Hoping to find the right car for my friend


----------



## Chris_Gojira (Oct 1, 2012)

Yeah... so that's an Evo...


----------



## ashleyt (Apr 8, 2021)

Chris_Gojira said:


> Yeah... so that's an Evo...


Congratulations...... not sure what you’re getting at, just a bit of friendly chat, but 10 out of 10 for observation


----------



## Chris_Gojira (Oct 1, 2012)

ashleyt said:


> Congratulations...... not sure what you’re getting at, just a bit of friendly chat, but 10 out of 10 for observation


Don’t get me wrong here, but a new user with a 2 post history asking to buy an R32 GTR for his/her friend while posting an EVO is a bit dodgy to me.


----------



## ashleyt (Apr 8, 2021)

Chris_Gojira said:


> Don’t get me wrong here, but a new user with a 2 post history asking to buy an R32 GTR for his/her friend while posting an EVO is a bit dodgy to me.


Dodgy in what way? The R32 will be for me, when I said “friend” I meant a friend for the Tommi Makinen, I’ve literally joined the forum to find an R32 from an enthusiast? I don’t think it’s dodgy at all, you could be paranoid. I’m a genuine buyer looking for a nice R32, i went to view one today at Harlow Jap Autos and that didn’t go down too well either as they forgot the keys to the car and I had to wait 40 minutes to be told this.


----------



## Chris_Gojira (Oct 1, 2012)

ashleyt said:


> Dodgy in what way? The R32 will be for me, when I said “friend” I meant a friend for the Tommi Makinen, I’ve literally joined the forum to find an R32 from an enthusiast? I don’t think it’s dodgy at all, you could be paranoid. I’m a genuine buyer looking for a nice R32, i went to view one today at Harlow Jap Autos and that didn’t go down too well either as they forgot the keys to the car and I had to wait 40 minutes to be told this.


Well sorry for the misunderstanding.
Reason for me doubting is the high number of thefts lately after people put their cars up for sale.

good luck with the search!


----------



## ashleyt (Apr 8, 2021)

Chris_Gojira said:


> Well sorry for the misunderstanding.
> Reason for me doubting is the high number of thefts lately after people put their cars up for sale.
> 
> good luck with the search!


Thank You!


----------



## tonigmr2 (Sep 12, 2002)

Weird a dealer looses a sale over keys!


----------



## Kristofor (Sep 28, 2018)

Chris_Gojira said:


> misunderstanding


I thought the same when I read the post 😅🤦🏻‍♂️


----------



## Kristofor (Sep 28, 2018)

tonigmr2 said:


> Weird a dealer looses a sale over keys!


I work for very large main dealer and it happens more than you would like to think.

60 odd people + at some sites plus all the usual contractors for dents, chips and paint.
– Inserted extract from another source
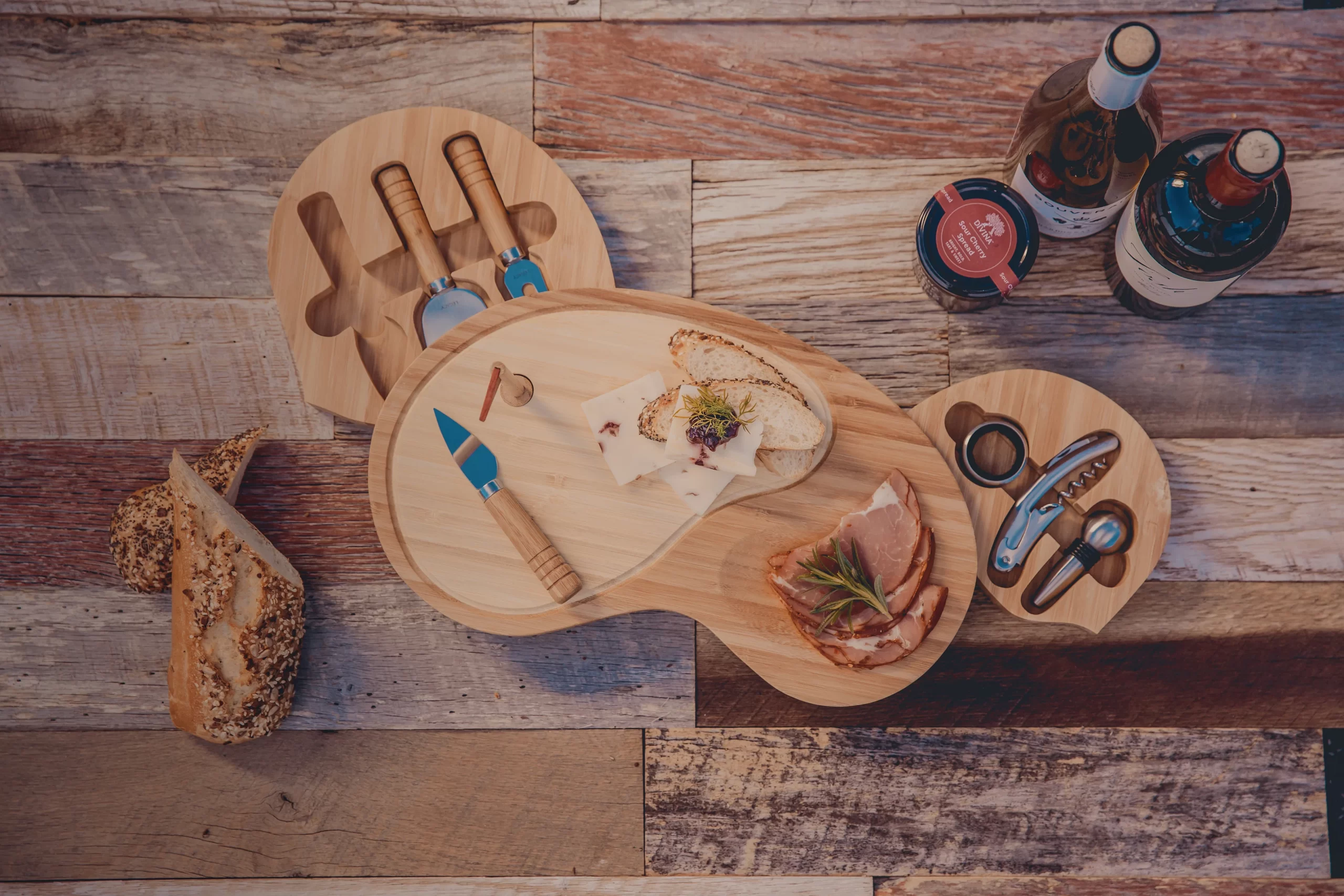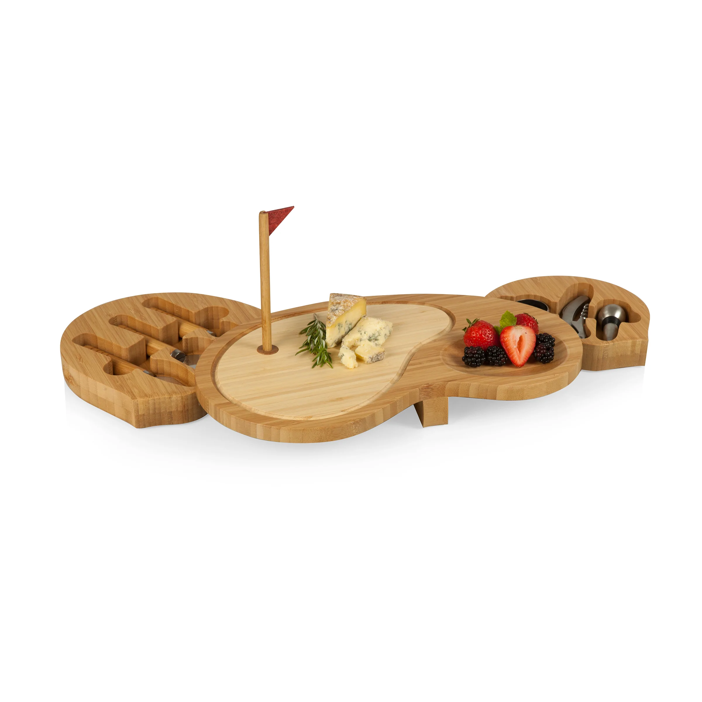 Toscana, a brand by Picnic Time, presents the Sand Trap cheese board and tool set, crafted from solid bamboo and designed as a putting green. The cheese board features swing-out drawers under it to access the wine and cheese tools, including a cheese fork, a hard cheese knife, and a cheese chisel knife with golf club grip-style handles. Additionally, the set includes wine accessories in brushed stainless steel, such as a waiter-style corkscrew, a knob-style bottle stopper, and a drip ring.

Keys get locked in tool boxes, left in pockets and taken home all the time.


----------



## ashleyt (Apr 8, 2021)

tonigmr2 said:


> Weird a dealer looses a sale over keys!


When you call them and they say come down at 13:00, so you arrive and no one is there, wait 40 minutes and finally someone arrives but it’s not the sales guys, it’s someone else who also met a dent removal guy and let him in to work on one of the cars, I was told that the other sales guy had to go do something else and the keys are NOT onsite, but the car was open and I was free to look around, to me the car didn’t look like it was worth the £45k asking price.... that and the fact I couldn’t even start it and there were no keys on site.... I lost interest, don’t know about you but £45k is a Hell of a lot of money to me and I expected a better experience if I’m honest, that lost the sale. 
cheers


----------



## Wade (Jul 31, 2008)

Was that the blue one they have up for £45k? If so it will save me a visit if she's a bit of a melon. Also, avoid the purple engine R32 GTR on eBay, nice spec but not in a great condition. All the best with your hunt matey, hope you find a friend for the Evo.


----------



## ashleyt (Apr 8, 2021)

Wade said:


> Was that the blue one they have up for £45k? If so it will save me a visit if she's a bit of a melon. Also, avoid the purple engine R32 GTR on eBay, nice spec but not in a great condition. All the best with your hunt matey, hope you find a friend for the Evo.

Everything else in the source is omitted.